Not every freelancer is bubbling over with entrepreneurial zeal. Some do it because their industry has steadily shaved off staffers and outsourced tasks in order to save money. For others, child care or similar work-life considerations are at the root of the decision to freelance—blurring the line over whether freelancing, with its sporadic pay and other associated brutalities, is a matter of choice or necessity.
Businessman and politico Leo Hindery, who heads the Smart Globalization Initiative at the New America Foundation, suspects the answer is the latter more often than not, even in places like NextSpace and The Satellite that are buzzing with can-do attitude. While he concedes that some people genuinely prefer the freelance lifestyle, Hindery thinks many freelancers are making lemonade from the sour fruits of a damaged economy.
“I promise you that if I walk in and say, ‘On the left side, I want all the people who are doing this because they have to, and I will find you a very entrepreneurial environment at Google if they hire you full-time,’ they will say yes in a heartbeat. It’s the question: are you here by choice, or are you here because your economic foundation has collapsed?”

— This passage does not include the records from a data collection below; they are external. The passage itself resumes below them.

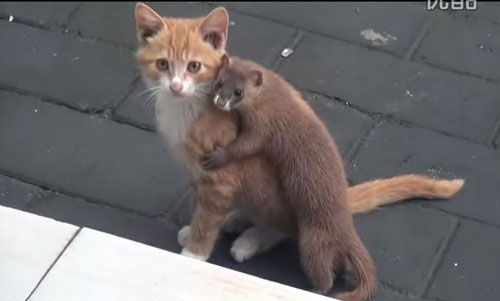 歌い出しの歌詞は「いたずらイタチが 裏の畑で ニワトリを見つけた」。下の写真はネコと仲良しのイタチ。
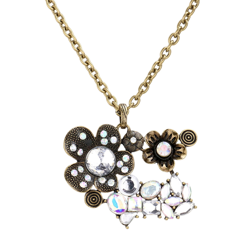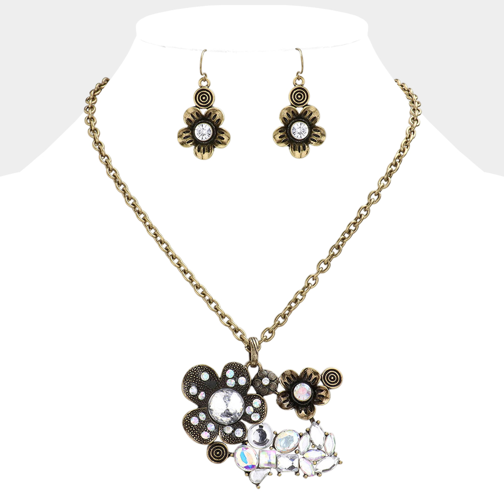 Teardrop Stone Cluster Accent Rhinestone Paved Floral Embellished Collar Statement Evening Necklace
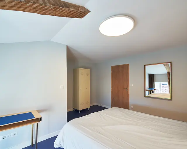 Cependant cette chambre offre un niveau de confort de type hôtelier, salle d’eau et un WC privatif, literie 160x200, bureau, rangements, miroirs.
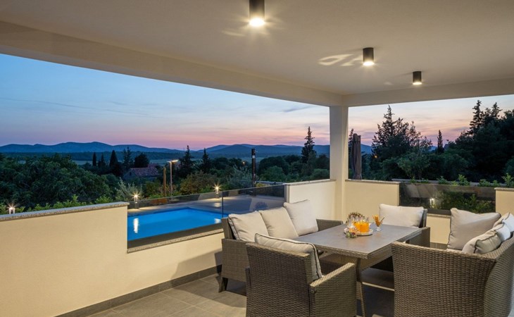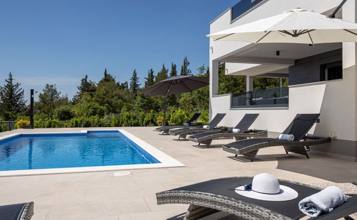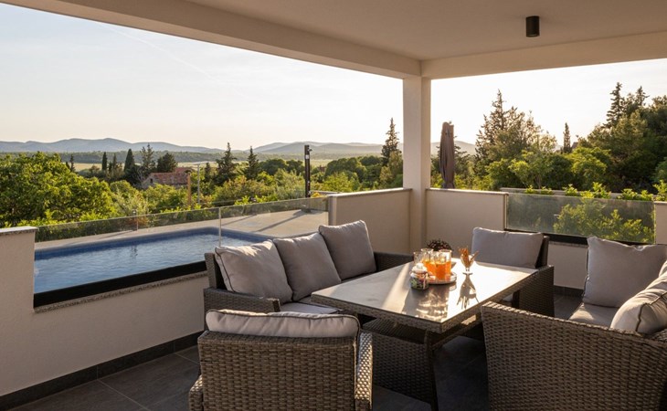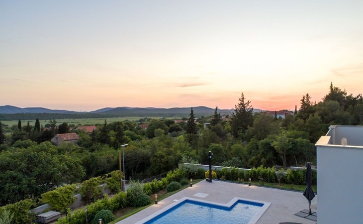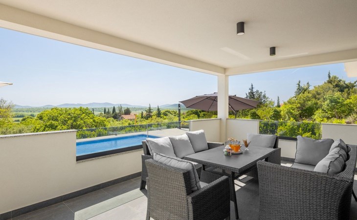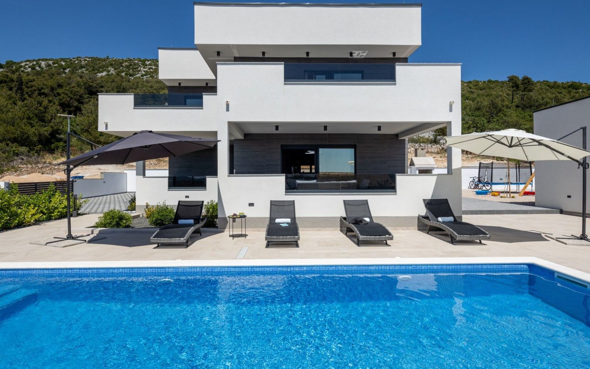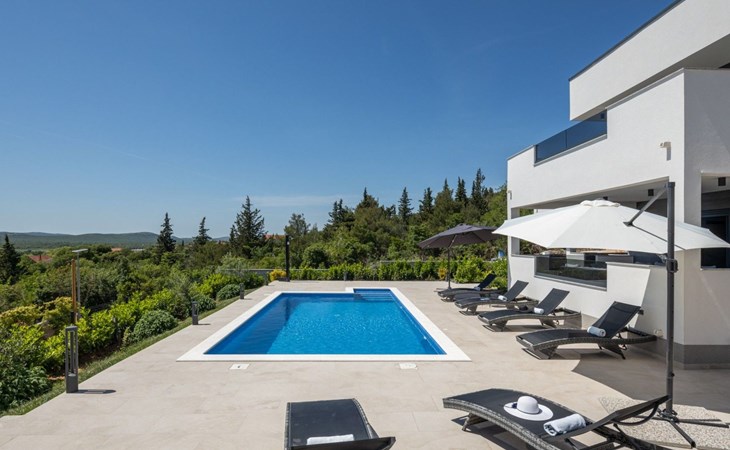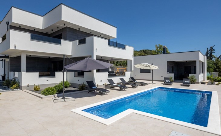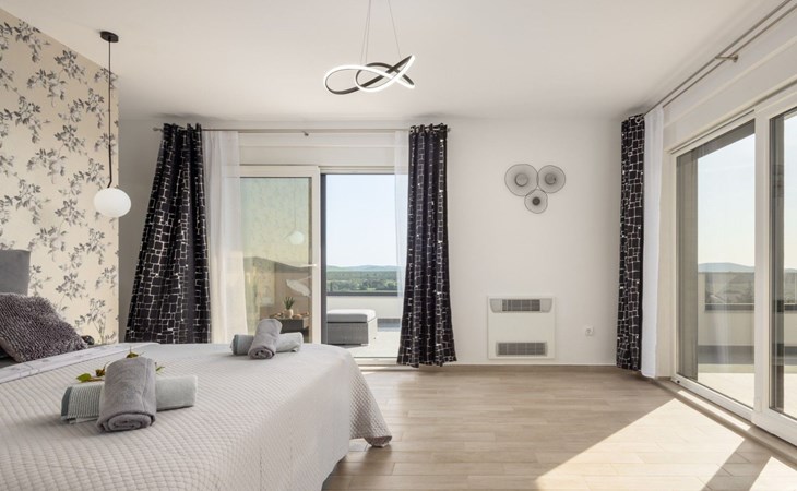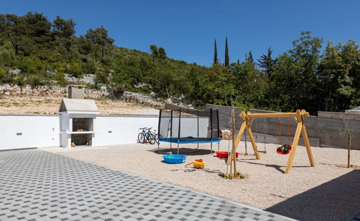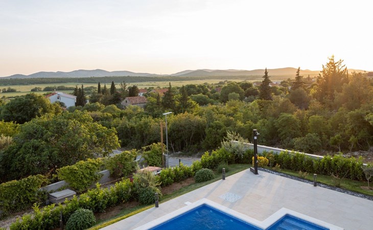 Welcome to Villa Bura, a tranquil retreat nestled in Stankovci, Dalmatia, offering an unmatched blend of comfort and serenity for up to 8 guests, plus accommodation for 2 additional children. Surrounded by the pristine nature of the continental part of Vodice, this detached house serves as the perfect getaway for large groups seeking to immerse themselves in tranquility while enjoying modern conveniences.The interior of Villa Bura is thoughtfully designed to cater to your every need. Equipped with air conditioning and underfloor heating throughout, the villa ensures your comfort regardless of the season. Each of the four spacious bedrooms promises restful nights, complemented by three well-appointed bathrooms, enhancing your stay with privacy and convenience. The villa's state-of-the-art kitchen, complete with a dishwasher, coffee machine, and electric kettle, makes meal preparation a breeze. Additionally, a washing machine and clothes dryer are exclusively available for guests' use, ensuring all the comforts of home.The villa's exterior is equally impressive, boasting a private pool for your exclusive enjoyment. The terrace and garden invite guests to relax and unwind, whether it's lounging on the sunbeds by the pool, seeking shade under the garden furniture, or watching children delight in the playground with a trampoline. The property's seamless integration with nature offers a peaceful backdrop for outdoor activities and relaxation.Beyond the confines of Villa Bura, the enchanting landscape of Dalmatia beckons. Just a stone's throw away, the convenience of a grocery store within 500m ensures easy access to essentials. Venture further to explore the natural wonders of NP Krka and the Nature Park Vrana Lake, or take advantage of the available bikes to discover the local terrain. The area is also ideal for hiking enthusiasts, offering numerous trails that reveal the region's natural beauty.Villa Bura is more than just a holiday house; it's a sanctuary where nature meets comfort, designed for those who seek both adventure and relaxation. Whether you're looking to explore the great outdoors or simply escape the hustle and bustle of daily life, this villa offers the perfect blend of convenience, comfort, and natural beauty. Make Villa Bura your choice for an unforgettable retreat in the heart of Dalmatia.
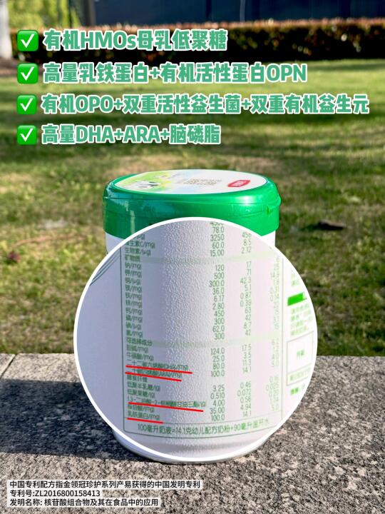▪保护顶配-HMOs母乳低聚糖+乳铁蛋白100mg/100g+有机活性蛋白OPN+专利核苷酸组合
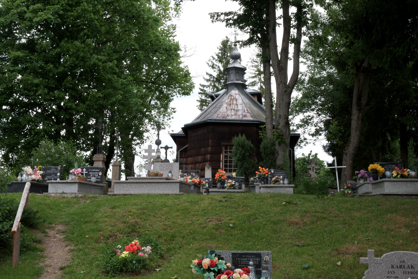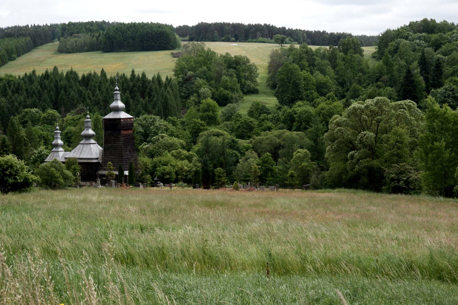 3414. tu w środku zdjęcia na granicy lasu da się spostrzec wieżyce z cmentarza w Beskidku
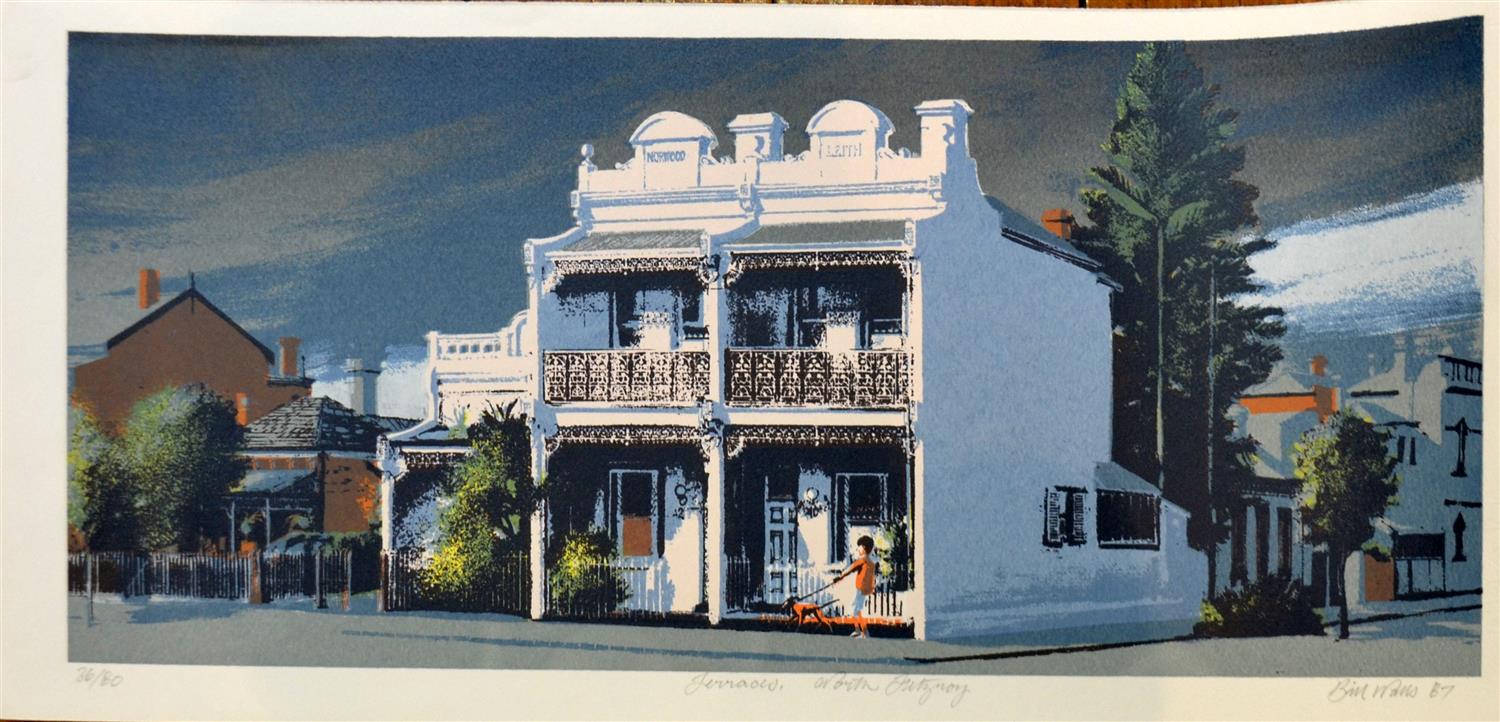 BILL WALLS, TERRACES, NORTH FITZROT 1987, SCREENPRINT 36/80, 22 X 49CM, UNFRAMED, CONDITION: VERY GOOD, NO FAULTS TO REPORT, LEONARD JOEL DELIVERY SIZE: SMALL
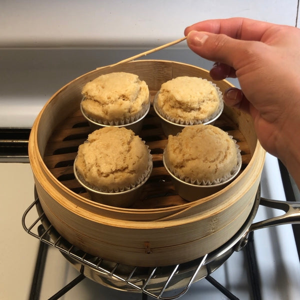 Here’s a tip to make perfect mushi-pan: preheat your steamer and cover it with a kitchen towel to prevent water from dripping onto the cakes. If your cakes turn out dense, try sifting the flour or adding a little more baking powder.
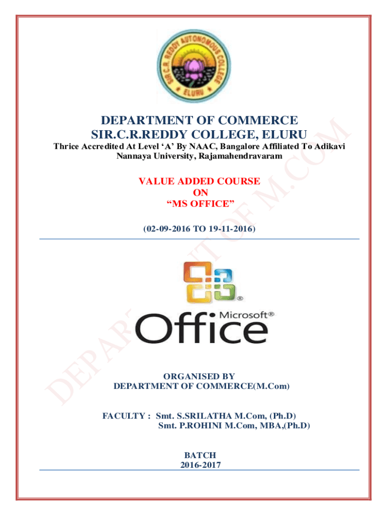 DEPARTMENT OF COMMERCE SIR.C.R.REDDY COLLEGE, ELURU Thrice Accredited At Level A By NAAC, Bangalore Affiliated To Adikavi Nannaya University, RajamahendravaramVALUE ADDED COURSE ON MS OFFICE (02092016
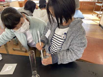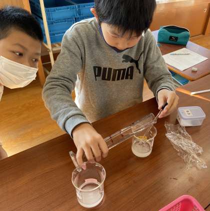 ミョウバンと食塩の溶ける量を増やすにはどのようにすれば良いか、学習問題を立て、予想しました。そして実験計画をたて、いざ実験。「溶けてほしい。」と熱い気持ちも込めながら溶かしたものの、温めても食塩の溶ける量は増えず、予想外の結果に驚く姿がみられました。

Freelancers generally make less money than their employed counterparts, Hindery says, and they are likely to be among either the nation’s 50 million uninsured or the 50 million underinsured, meaning they’re gambling on their health. If they lose, we pay. That puts them squarely at the center of the health care debate.
Finally, he says, many freelancers land in a category of worker classified by the Bureau of Labor Statistics as “part-time of necessity.” This group, 9 million strong, includes people who have part-time work but want a full-time position and—the health care issue again—the attendant benefits.
But this group is not counted among the nation’s 15 million unemployed. If they were—and if several other categories like unemployed youth were counted as well—the country’s unemployment figures would double. “It’s a very dark side of the unemployment issue right now,” he says.